Star-Investor George Soros Chinas Präsident ist ein Kontrollfreak

Exklusiv

George Soros sieht die wirtschaftliche Entwicklung in China kritisch - und mahnt an, dass das Land die Devisenreserven nicht so schnell verbrennen sollte. Eine Exklusivmeldung.

Star-Investor George Soros Quelle: REUTERS

George Soros, Gründer des legendären Quantum Funds, äußert scharfe Kritik an Chinas Präsident Xi Jinping: „Er ist ein starker Führer, aber hat eine große Schwäche: Xi Jinping ist ein Kontrollfreak.
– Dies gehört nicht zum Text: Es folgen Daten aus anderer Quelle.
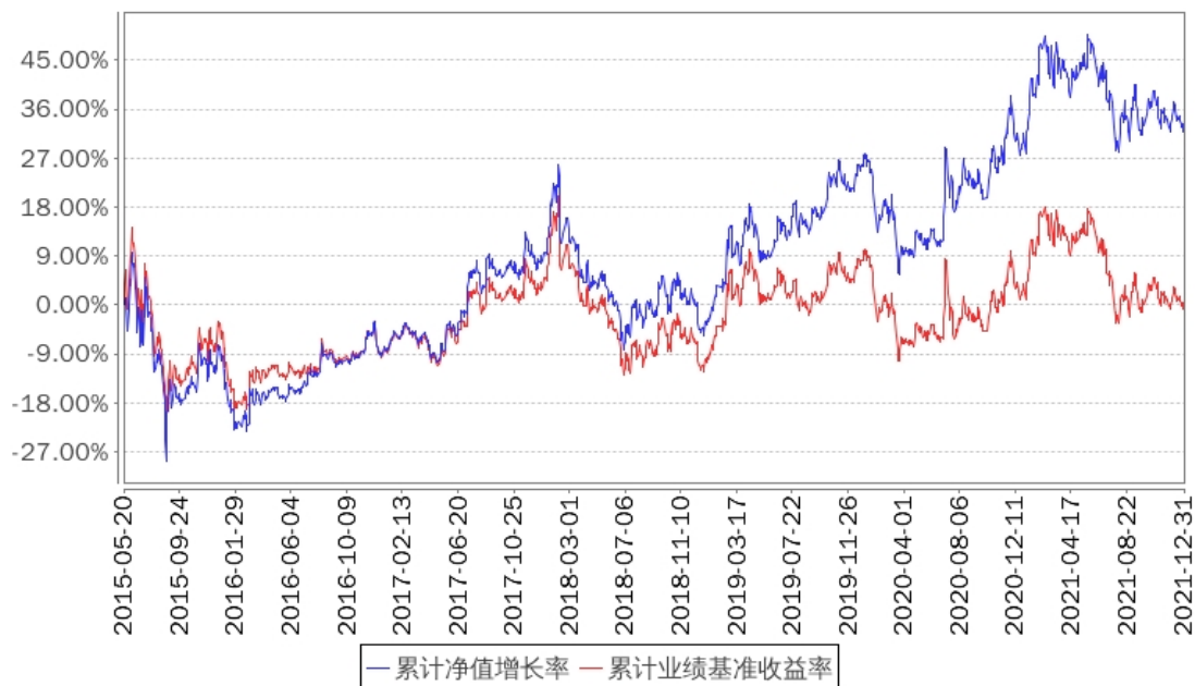
招商中证银行指数A累计净值增长率与同期业绩比较基准收益率的历史走势对比图

Doch marktwirtschaftliche Reformen klappen nicht ohne politische Zugeständnisse. Xi Jinping kann etwa noch so viele Antikorruptionskampagnen ausrufen – ohne unabhängige Medien sind sie zum Scheitern verurteilt. Und diesen Schritt scheint er bislang nicht machen zu wollen. In diesem Punkt ist er Russlands Präsident Putin näher.“

Die wirtschaftliche Entwicklung in China beurteilt Soros skeptisch. „Leider verbrennt China derzeit seine Devisenreserven sehr schnell“, sagte Soros im Gespräch mit der WirtschaftsWoche. „Auch das Urvertrauen der Anleger beginnt zu wanken, da die chinesische Regierung viele Fehler gemacht hat. Denken Sie nur an die hohe Verschuldung der Banken und Staatsbetriebe oder die Umweltproblematik. Das Grundvertrauen mag China noch drei Jahre schützen – aber es steht vor einer seiner größten Herausforderungen.